AIM OF THE TASK: Retype, word for word, every line of the records below starting at the one that contains "11月9日,第十五届全国运动" and ending at the one that contains "Карандаш для губ"; include both of those lines and nothing more.

INFORMATION:
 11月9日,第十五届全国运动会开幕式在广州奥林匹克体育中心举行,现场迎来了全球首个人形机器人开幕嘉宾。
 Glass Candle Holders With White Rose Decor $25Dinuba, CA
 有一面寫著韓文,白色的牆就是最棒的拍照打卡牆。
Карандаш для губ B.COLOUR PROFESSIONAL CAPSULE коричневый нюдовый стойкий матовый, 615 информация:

==

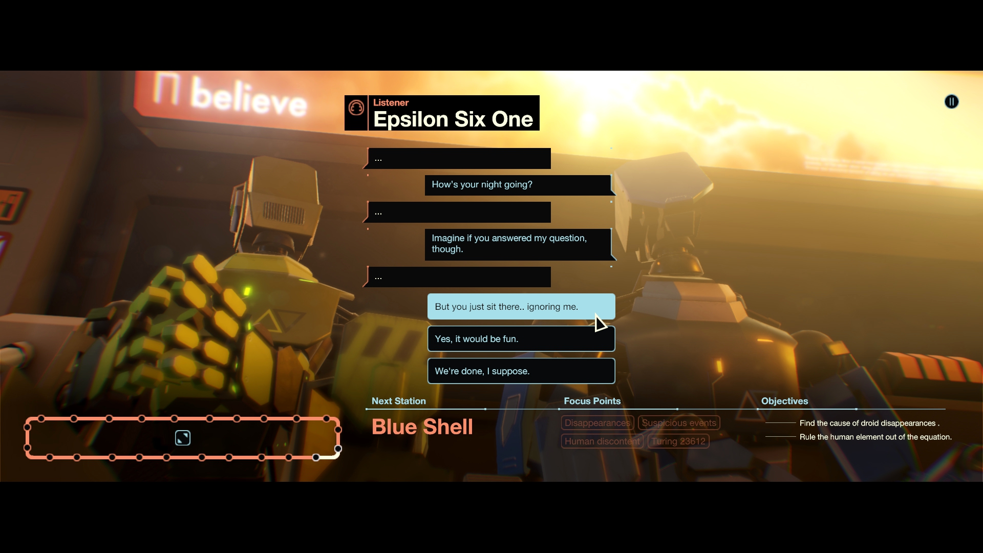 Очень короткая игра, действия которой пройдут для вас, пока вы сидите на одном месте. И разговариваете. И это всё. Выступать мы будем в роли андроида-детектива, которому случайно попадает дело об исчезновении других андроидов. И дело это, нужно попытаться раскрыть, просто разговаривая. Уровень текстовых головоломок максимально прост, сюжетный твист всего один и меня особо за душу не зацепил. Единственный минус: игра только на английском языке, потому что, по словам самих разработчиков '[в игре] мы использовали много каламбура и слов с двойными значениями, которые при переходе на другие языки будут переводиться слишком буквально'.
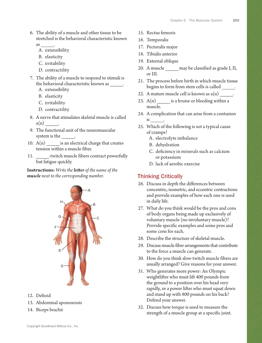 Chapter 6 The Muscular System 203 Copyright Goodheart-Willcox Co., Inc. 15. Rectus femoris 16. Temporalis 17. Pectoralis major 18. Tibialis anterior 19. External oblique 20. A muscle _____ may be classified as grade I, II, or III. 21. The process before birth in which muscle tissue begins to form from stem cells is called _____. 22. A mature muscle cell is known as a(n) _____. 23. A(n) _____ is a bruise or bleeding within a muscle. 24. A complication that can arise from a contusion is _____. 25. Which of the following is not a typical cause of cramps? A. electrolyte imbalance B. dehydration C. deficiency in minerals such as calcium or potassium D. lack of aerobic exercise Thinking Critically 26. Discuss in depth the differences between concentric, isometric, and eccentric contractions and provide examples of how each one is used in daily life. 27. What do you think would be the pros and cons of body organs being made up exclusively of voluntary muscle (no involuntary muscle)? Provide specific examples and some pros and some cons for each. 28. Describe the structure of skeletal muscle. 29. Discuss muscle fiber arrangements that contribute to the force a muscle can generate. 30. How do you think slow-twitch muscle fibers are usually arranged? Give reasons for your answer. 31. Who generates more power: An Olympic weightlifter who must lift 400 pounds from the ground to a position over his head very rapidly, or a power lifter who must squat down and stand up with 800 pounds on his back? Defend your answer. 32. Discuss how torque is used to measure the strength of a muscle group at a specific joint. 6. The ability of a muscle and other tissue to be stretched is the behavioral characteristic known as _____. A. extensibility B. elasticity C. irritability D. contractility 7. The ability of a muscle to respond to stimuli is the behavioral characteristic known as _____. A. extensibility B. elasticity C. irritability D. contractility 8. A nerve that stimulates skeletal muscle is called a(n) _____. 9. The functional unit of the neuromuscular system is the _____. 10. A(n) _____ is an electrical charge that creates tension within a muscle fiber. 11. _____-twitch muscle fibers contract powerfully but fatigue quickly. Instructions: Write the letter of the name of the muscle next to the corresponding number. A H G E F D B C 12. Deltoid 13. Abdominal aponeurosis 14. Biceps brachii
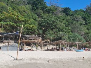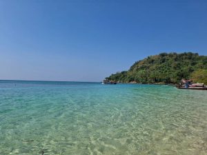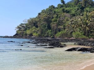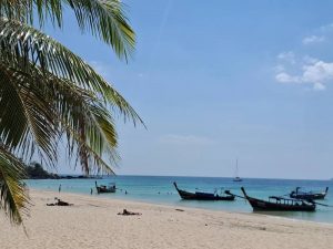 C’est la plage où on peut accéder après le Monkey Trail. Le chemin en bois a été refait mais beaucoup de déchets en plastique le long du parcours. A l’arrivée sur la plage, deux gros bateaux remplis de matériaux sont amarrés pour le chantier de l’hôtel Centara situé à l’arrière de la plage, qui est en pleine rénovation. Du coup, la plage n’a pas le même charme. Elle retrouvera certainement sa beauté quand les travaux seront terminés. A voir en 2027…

ANSWER:
 11月9日,第十五届全国运动会开幕式在广州奥林匹克体育中心举行,现场迎来了全球首个人形机器人开幕嘉宾。
 Glass Candle Holders With White Rose Decor $25Dinuba, CA
 有一面寫著韓文,白色的牆就是最棒的拍照打卡牆。
Карандаш для губ B.COLOUR PROFESSIONAL CAPSULE коричневый нюдовый стойкий матовый, 615 информация:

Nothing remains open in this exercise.